§ **ACTIVITY**
Look through the entries below and extract exactly the lines from the one containing "Louis Vuitton 24" through the one containing "Reloj Bulova Aerojet", ends included.

§ **INPUT FOR THIS TASK**
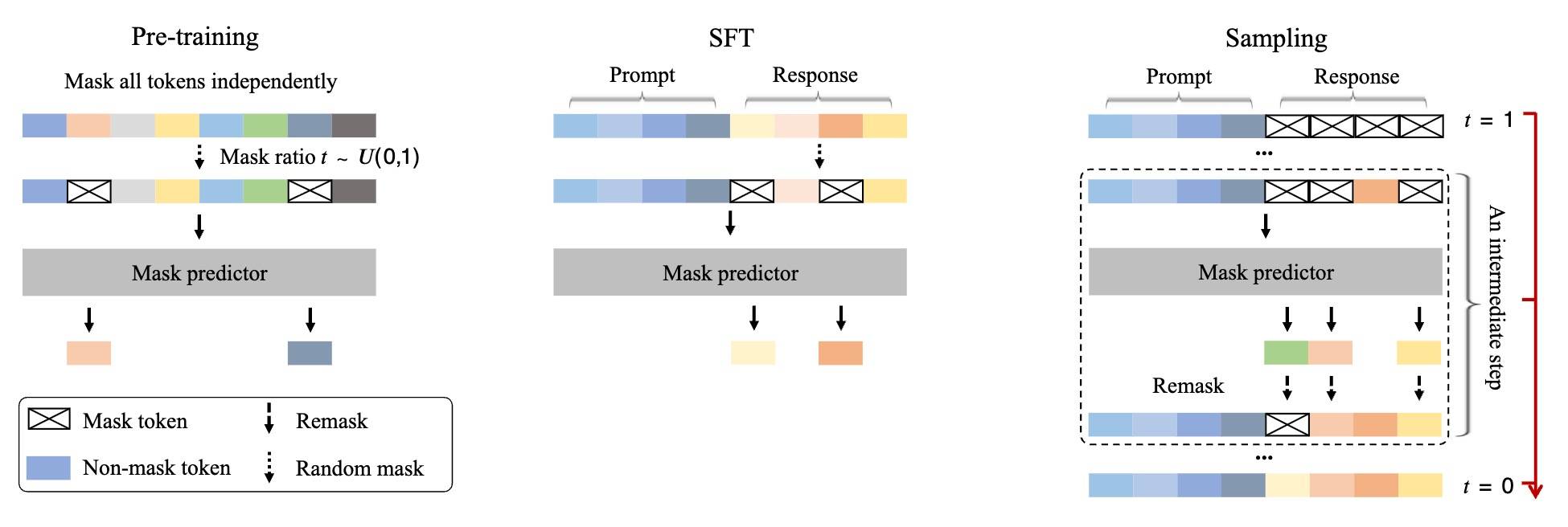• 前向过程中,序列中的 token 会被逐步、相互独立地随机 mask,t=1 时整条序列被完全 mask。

==

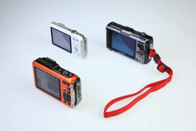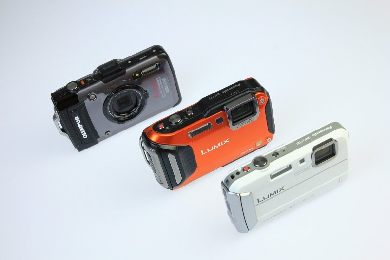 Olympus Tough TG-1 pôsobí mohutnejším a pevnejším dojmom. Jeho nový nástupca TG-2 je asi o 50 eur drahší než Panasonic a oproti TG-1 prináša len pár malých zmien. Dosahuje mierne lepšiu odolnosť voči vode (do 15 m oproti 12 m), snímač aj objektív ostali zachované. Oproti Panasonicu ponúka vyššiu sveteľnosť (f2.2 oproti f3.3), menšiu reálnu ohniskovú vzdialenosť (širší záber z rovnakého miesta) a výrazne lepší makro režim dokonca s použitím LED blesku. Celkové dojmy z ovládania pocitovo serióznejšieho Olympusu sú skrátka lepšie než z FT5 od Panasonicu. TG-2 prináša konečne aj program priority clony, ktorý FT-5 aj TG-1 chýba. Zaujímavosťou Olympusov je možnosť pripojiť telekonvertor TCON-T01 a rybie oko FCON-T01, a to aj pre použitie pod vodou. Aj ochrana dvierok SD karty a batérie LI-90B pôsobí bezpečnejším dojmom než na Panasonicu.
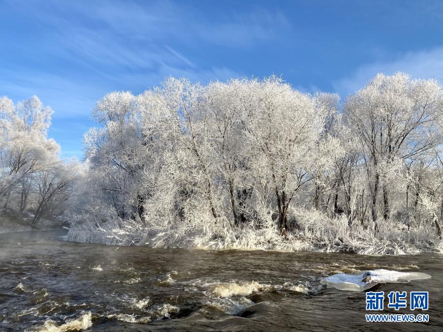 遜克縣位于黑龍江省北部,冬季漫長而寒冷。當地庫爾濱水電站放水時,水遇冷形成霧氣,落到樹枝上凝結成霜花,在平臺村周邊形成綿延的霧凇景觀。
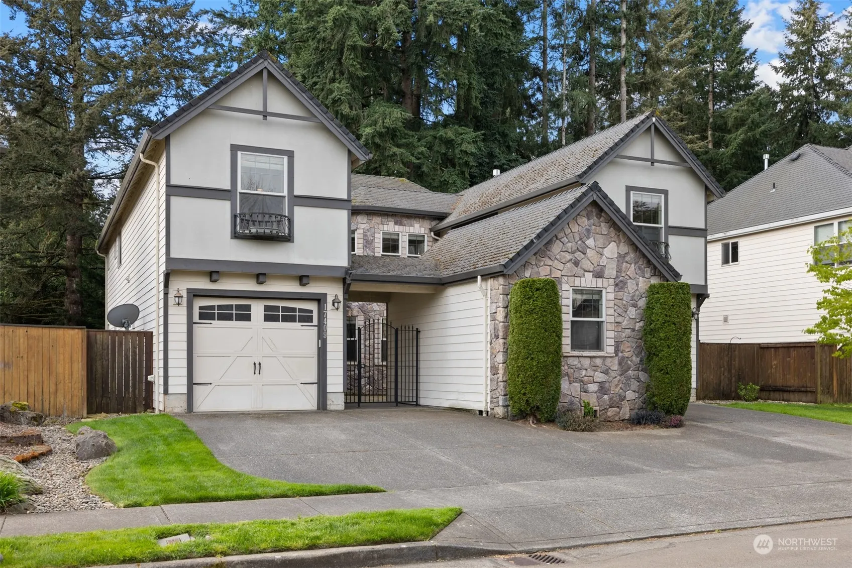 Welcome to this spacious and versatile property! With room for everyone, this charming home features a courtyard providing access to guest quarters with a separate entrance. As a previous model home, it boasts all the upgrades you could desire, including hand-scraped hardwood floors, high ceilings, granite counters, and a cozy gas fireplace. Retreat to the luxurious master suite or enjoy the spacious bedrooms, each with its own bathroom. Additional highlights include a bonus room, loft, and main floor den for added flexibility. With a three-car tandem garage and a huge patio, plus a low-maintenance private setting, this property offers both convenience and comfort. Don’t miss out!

* * *

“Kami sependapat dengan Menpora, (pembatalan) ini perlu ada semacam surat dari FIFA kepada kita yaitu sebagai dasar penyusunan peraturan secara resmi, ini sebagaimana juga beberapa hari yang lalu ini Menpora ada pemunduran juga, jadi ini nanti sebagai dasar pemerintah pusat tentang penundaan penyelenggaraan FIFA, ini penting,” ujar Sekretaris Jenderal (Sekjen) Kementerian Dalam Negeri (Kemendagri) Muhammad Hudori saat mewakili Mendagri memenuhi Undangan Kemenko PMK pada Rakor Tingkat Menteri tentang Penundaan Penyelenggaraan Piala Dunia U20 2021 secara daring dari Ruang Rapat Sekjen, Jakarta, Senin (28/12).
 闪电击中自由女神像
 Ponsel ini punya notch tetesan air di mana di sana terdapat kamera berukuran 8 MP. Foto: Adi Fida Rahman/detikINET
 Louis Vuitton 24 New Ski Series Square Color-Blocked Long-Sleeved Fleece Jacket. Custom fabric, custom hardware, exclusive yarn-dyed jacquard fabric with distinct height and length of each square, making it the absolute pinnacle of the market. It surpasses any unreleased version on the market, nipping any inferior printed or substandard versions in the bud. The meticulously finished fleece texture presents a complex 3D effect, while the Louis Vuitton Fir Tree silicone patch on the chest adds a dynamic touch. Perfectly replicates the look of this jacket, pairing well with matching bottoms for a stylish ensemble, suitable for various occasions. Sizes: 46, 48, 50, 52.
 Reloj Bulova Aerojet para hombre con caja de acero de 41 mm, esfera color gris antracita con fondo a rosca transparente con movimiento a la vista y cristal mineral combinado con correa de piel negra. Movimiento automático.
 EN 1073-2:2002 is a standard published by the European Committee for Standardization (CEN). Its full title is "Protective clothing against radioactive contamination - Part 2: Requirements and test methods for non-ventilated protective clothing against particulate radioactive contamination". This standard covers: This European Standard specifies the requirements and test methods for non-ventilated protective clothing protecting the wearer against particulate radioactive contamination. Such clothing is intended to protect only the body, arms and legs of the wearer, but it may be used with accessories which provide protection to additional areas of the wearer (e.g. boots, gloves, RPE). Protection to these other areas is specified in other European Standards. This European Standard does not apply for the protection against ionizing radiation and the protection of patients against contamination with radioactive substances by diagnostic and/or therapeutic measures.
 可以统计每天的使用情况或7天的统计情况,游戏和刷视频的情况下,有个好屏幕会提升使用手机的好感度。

§ **ANSWER TO THIS TASK**
 Louis Vuitton 24 New Ski Series Square Color-Blocked Long-Sleeved Fleece Jacket. Custom fabric, custom hardware, exclusive yarn-dyed jacquard fabric with distinct height and length of each square, making it the absolute pinnacle of the market. It surpasses any unreleased version on the market, nipping any inferior printed or substandard versions in the bud. The meticulously finished fleece texture presents a complex 3D effect, while the Louis Vuitton Fir Tree silicone patch on the chest adds a dynamic touch. Perfectly replicates the look of this jacket, pairing well with matching bottoms for a stylish ensemble, suitable for various occasions. Sizes: 46, 48, 50, 52.
 Reloj Bulova Aerojet para hombre con caja de acero de 41 mm, esfera color gris antracita con fondo a rosca transparente con movimiento a la vista y cristal mineral combinado con correa de piel negra. Movimiento automático.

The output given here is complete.